(TASK) Look through the entries below for the line with "地下滲管排鹽是耕地鹽堿化改良" and the line with "Servizio da thè", then give again exactly those two lines and all lines between them, minus the pictures.

(DATA TO EXAMINE)
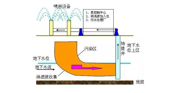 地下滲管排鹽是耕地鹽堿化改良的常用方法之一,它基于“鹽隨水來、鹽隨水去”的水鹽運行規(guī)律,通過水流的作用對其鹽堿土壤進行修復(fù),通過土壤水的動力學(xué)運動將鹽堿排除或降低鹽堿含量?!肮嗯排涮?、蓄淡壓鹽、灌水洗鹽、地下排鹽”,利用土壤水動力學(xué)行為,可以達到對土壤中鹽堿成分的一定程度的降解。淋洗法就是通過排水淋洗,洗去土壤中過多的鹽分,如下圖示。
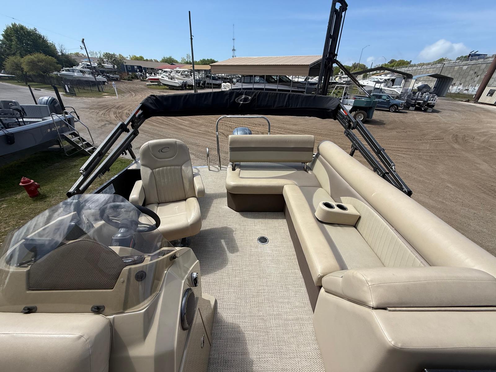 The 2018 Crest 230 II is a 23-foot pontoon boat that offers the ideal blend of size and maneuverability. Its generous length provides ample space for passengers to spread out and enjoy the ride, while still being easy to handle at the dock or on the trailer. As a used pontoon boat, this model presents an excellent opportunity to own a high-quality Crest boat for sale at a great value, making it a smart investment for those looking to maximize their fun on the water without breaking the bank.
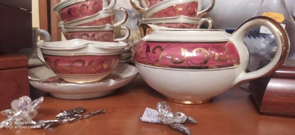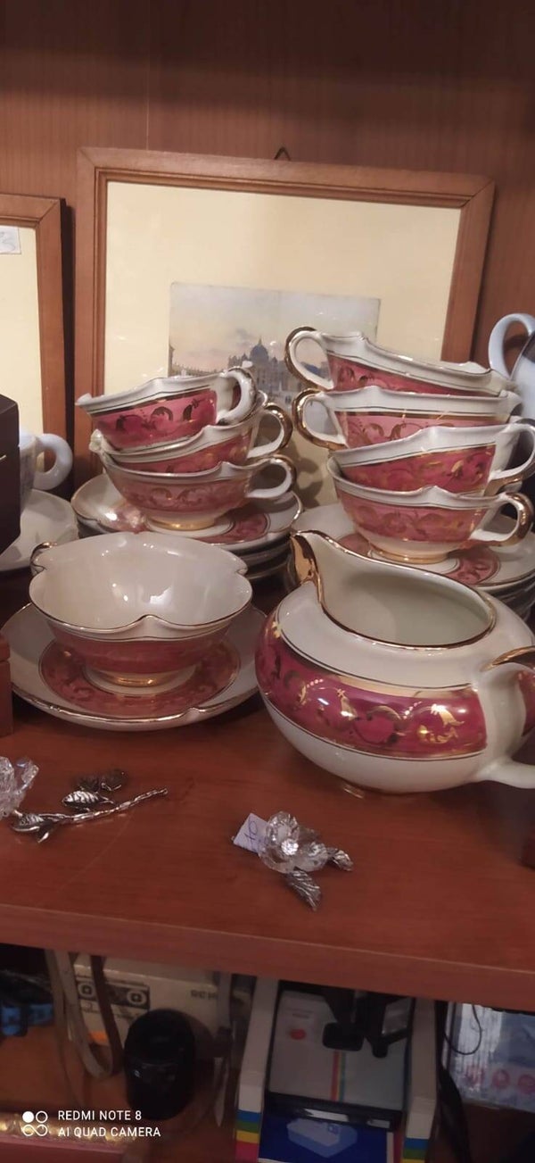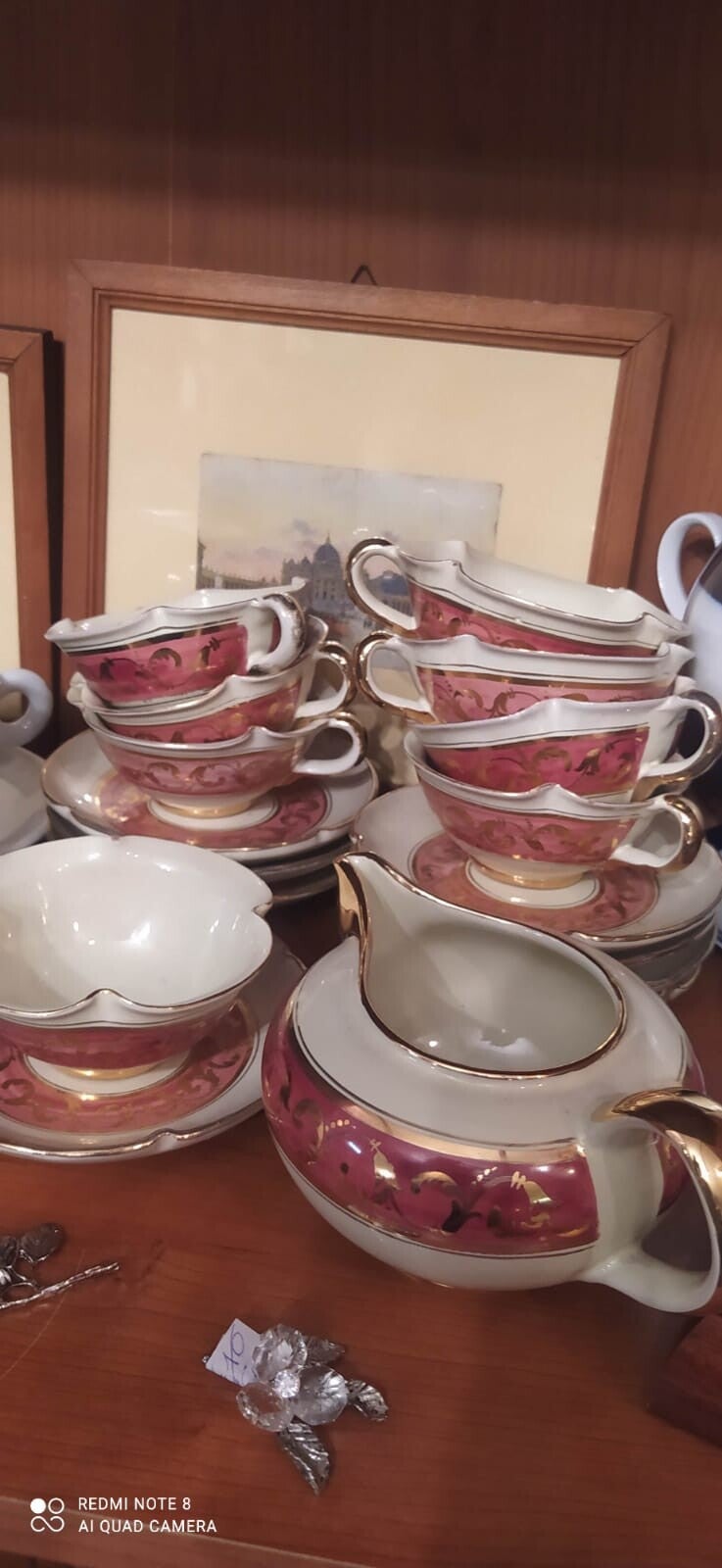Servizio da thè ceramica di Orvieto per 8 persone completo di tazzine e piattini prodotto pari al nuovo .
==
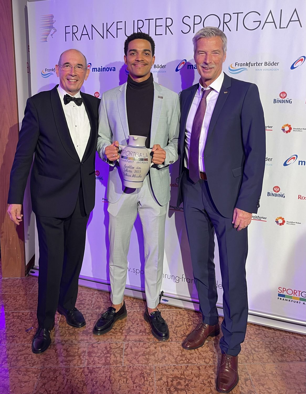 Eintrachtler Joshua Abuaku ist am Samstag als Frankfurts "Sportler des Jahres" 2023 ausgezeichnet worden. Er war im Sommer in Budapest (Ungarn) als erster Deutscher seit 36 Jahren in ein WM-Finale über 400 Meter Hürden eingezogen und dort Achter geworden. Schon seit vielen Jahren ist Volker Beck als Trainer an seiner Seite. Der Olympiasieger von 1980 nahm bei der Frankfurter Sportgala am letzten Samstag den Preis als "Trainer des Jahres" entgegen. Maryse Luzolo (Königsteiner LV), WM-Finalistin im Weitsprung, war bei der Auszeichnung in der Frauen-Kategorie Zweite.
...
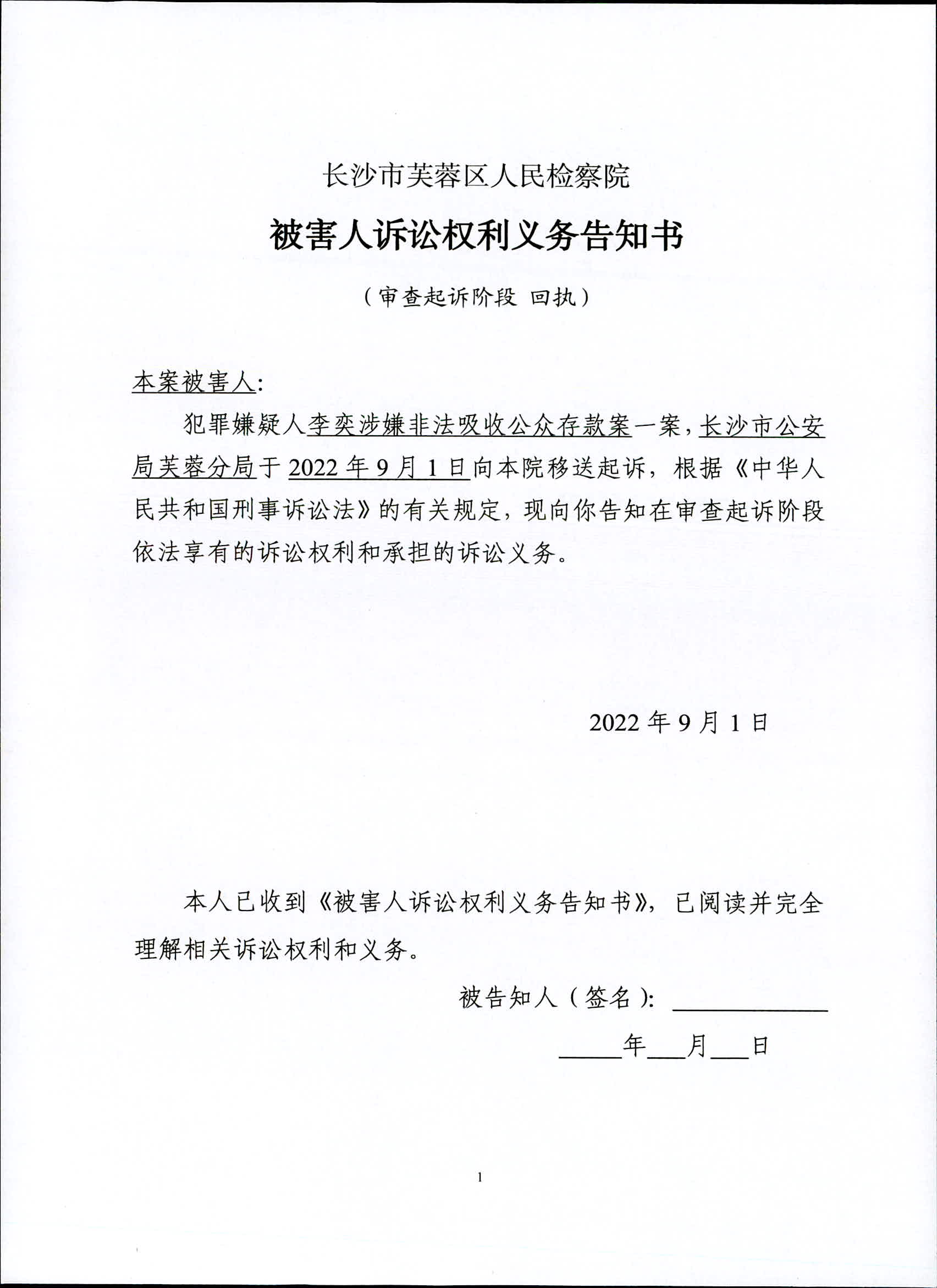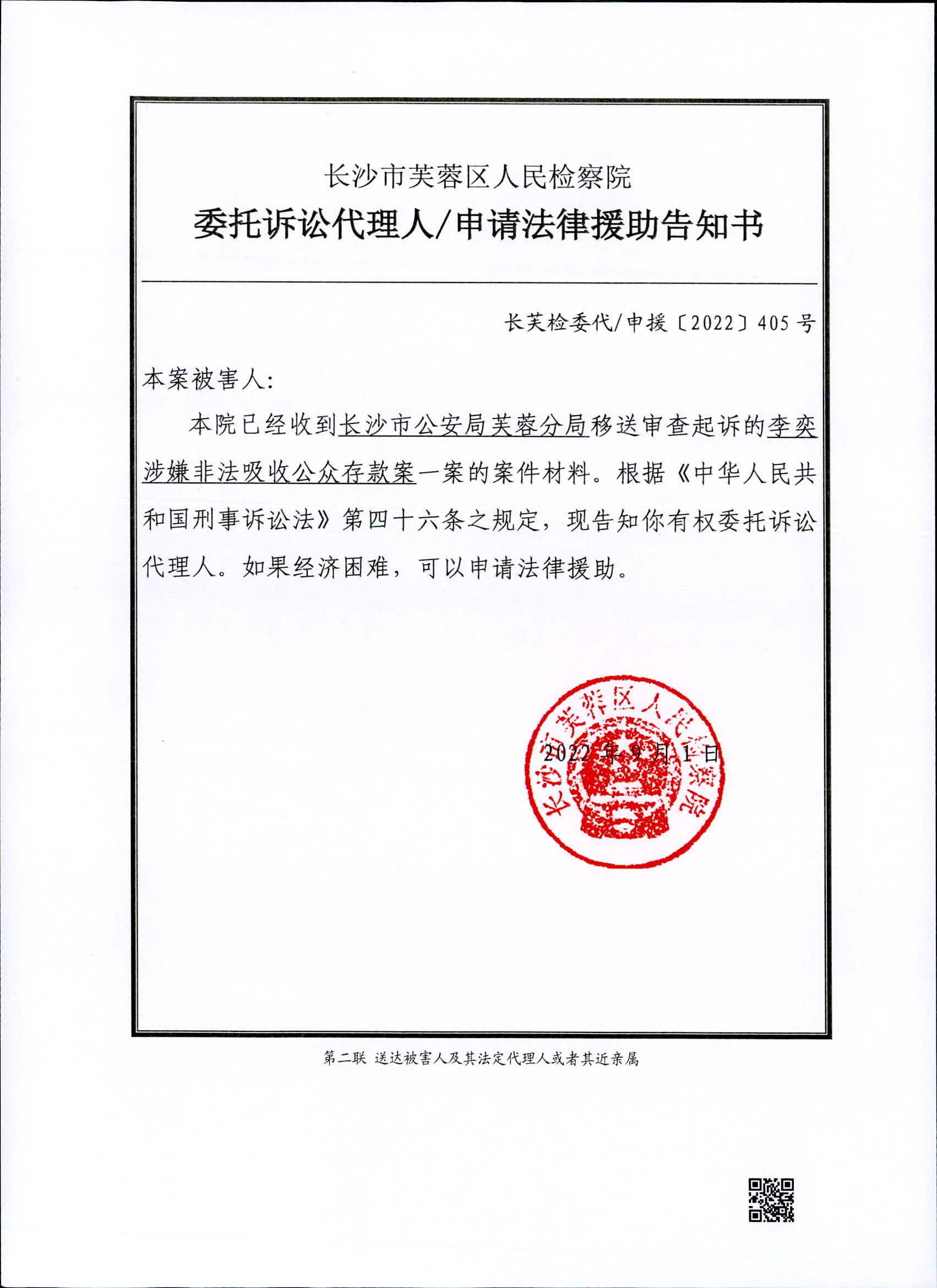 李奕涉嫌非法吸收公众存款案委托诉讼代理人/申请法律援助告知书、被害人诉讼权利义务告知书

(RESPONSE BELOW)
 地下滲管排鹽是耕地鹽堿化改良的常用方法之一,它基于“鹽隨水來、鹽隨水去”的水鹽運行規(guī)律,通過水流的作用對其鹽堿土壤進行修復(fù),通過土壤水的動力學(xué)運動將鹽堿排除或降低鹽堿含量?!肮嗯排涮?、蓄淡壓鹽、灌水洗鹽、地下排鹽”,利用土壤水動力學(xué)行為,可以達到對土壤中鹽堿成分的一定程度的降解。淋洗法就是通過排水淋洗,洗去土壤中過多的鹽分,如下圖示。
 The 2018 Crest 230 II is a 23-foot pontoon boat that offers the ideal blend of size and maneuverability. Its generous length provides ample space for passengers to spread out and enjoy the ride, while still being easy to handle at the dock or on the trailer. As a used pontoon boat, this model presents an excellent opportunity to own a high-quality Crest boat for sale at a great value, making it a smart investment for those looking to maximize their fun on the water without breaking the bank.
Servizio da thè ceramica di Orvieto per 8 persone completo di tazzine e piattini prodotto pari al nuovo .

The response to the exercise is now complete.